Muito mais que arroz e feijão

  A montagem, pela sexta vez, em 2007, na Galeria Milan, em São Paulo, SP, da instalação Arroz & Feijão, de Anna Maria Maiolino, motiva a pensar porque esse trabalho permanece vigoroso tanto tempo após a sua versão original, na Aliança Francesa, no Rio de Janeiro, em 1979.
  Nada mais equivocado que dizer que o mundo não mudou de lá para cá, pois a globalização e a internet reduziram fronteiras e geraram novas formas de comunicação entre as pessoas, além de maneiras cada vez mais amplas de disseminar informações, conceitos e pensamentos.
  A instalação permanece atual, em primeiro lugar, por ter um inegável impacto visual. Mas isso seria pouco, embora uma mesa posta com pratos brancos, com terra dentro, onde se ergue o resultado do poder gerador da natureza.
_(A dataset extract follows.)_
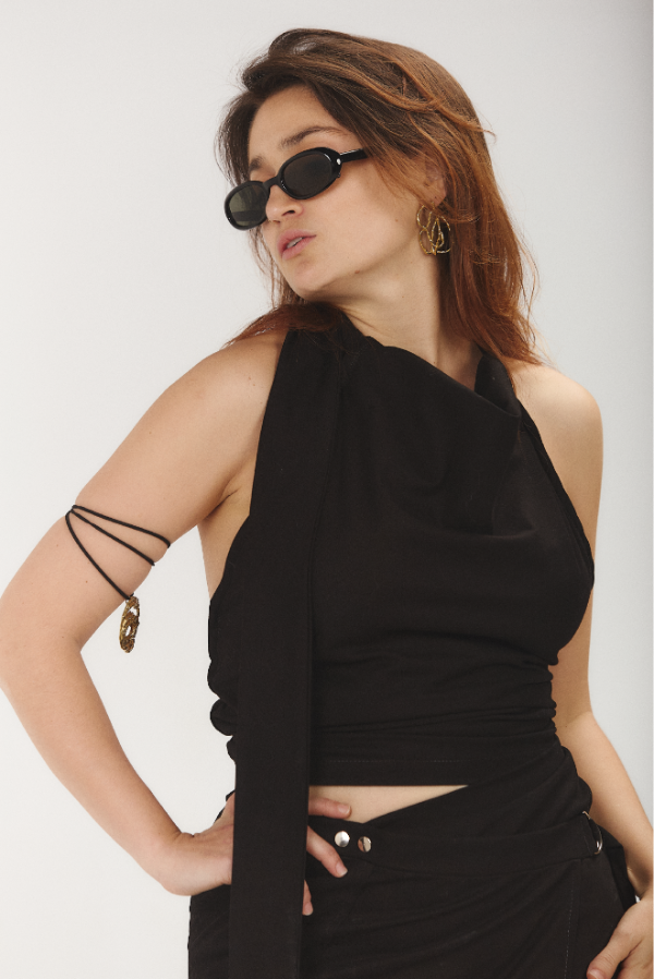 Top tipo pechera con tiras en cuello, busto y cintura largas que permite que juegues de miles de formas y lo puedas usar millones de veces. Completa el conjunto con la Falda Baires.

Sementes de arroz e feijão libertam seus caules gradativamente num movimento ascensional vertical.
  A crítica à fome do mundo está ali presente, bem clara, mas se faz ainda mais forte pelos pratos vazios colocados em volta da mesa e pelo vídeo em que uma boca, ornada com um sensual batom, não pára de comer, quase num ritual de movimentos para os quais não devotamos atenção no dia-a-dia.
  Cada elemento isoladamente não parece genial, mas o conjunto funciona. Seu grande segredo está justamente em não ser pretensiosa, como boa parte das instalações que a sucederam no circuito de arte. Ela não se propõe a discutir um assunto, ficando na intenção, mas o evidencia.
  E faz isso da melhor maneira possível, com uma mensagem clara e, acima de qualquer coisa, com um inegável senso de humor aliado a um certo tom solene, assegurado pela qualidade da mesa e das cadeiras, elementos suficientemente fortes no sentido de indiciar que aquela mesa não é para qualquer um sentar.
Isso é o mais curioso. Não nos sentimos convidados à refeição. O arroz e o feijão se erguem com um ar majestoso e criam distância. O efeito plástico é imponente, mas estabelece um curioso afastamento do observador, que não consegue se ver ali sentado. Prefere se aproximar do vídeo, colocado atrás de uma das cabeceiras da mesa.
O ato de comer passa a ser visto como um ritual e, sendo assim, não é para todos. Essa é a grande questão que a instalação coloca. Para os que comem muito, esse momento divino da refeição se vulgarizou – e, para os que não têm de que se alimentar, sentar numa mesa daquelas é um ato tão distante quanto adquiri-la como objeto de desejo.
A instalação incorpora assim, em uma de suas múltiplas leituras, a questão daquilo que o ato de comer junto representa. E preservar esse ritual não é tarefa simples. Alguns o ridicularizam por vê-lo prosaico; outros praticamente o desconhecem enquanto cerimônia, vendo-o apenas como uma necessidade básica igual a tantas outras.
Arroz & Feijão, portanto, é muito mais que comida na mesa ou sementes germinando na terra. Trata-se de uma ritualística visão do mundo, em que, acima do comer ou não, está o viver ou não, entendendo este verbo não só como nascer, crescer e multiplicar-se, mas como dominar o campo do simbólico.
Nesse aspecto, sentar-se em uma mesa para saborear um prato, mesmo o mais popular do país, é um ato a ser valorizado. Trata-se de um tributo ao ser brasileiro e de pertencer à raça humana, única na importância que dá ao fato de permanecer junto, no mesmo espaço, para comer. O que está no prato, em última análise, é o de menos, pois cada um vê o que deseja. O importante é estar ali e pensar-se como pessoa e cidadão.
A dimensão social e mesmo antropológica da instalação a torna eterna. Será continuamente remontada por não se esgotar em seu sentido mais denso. O mundo poderá mudar, mas a relação visceral de cada um com a mesa e com o que significa fazer parte dela não se altera.
Trata-se de uma eterna reflexão de Anna Maria Maiolino sobre o porquê do comer para existir, mesmo que essa existência possa ser vazia de sentido, analogia possível com os pratos brancos sem comida na sala de exposição. Seu principal significado – e mais importante – está em promover o pensar sobre a refeição como um ato simbólico e mágico, sem o qual perdemos um pouco de nossa humanidade.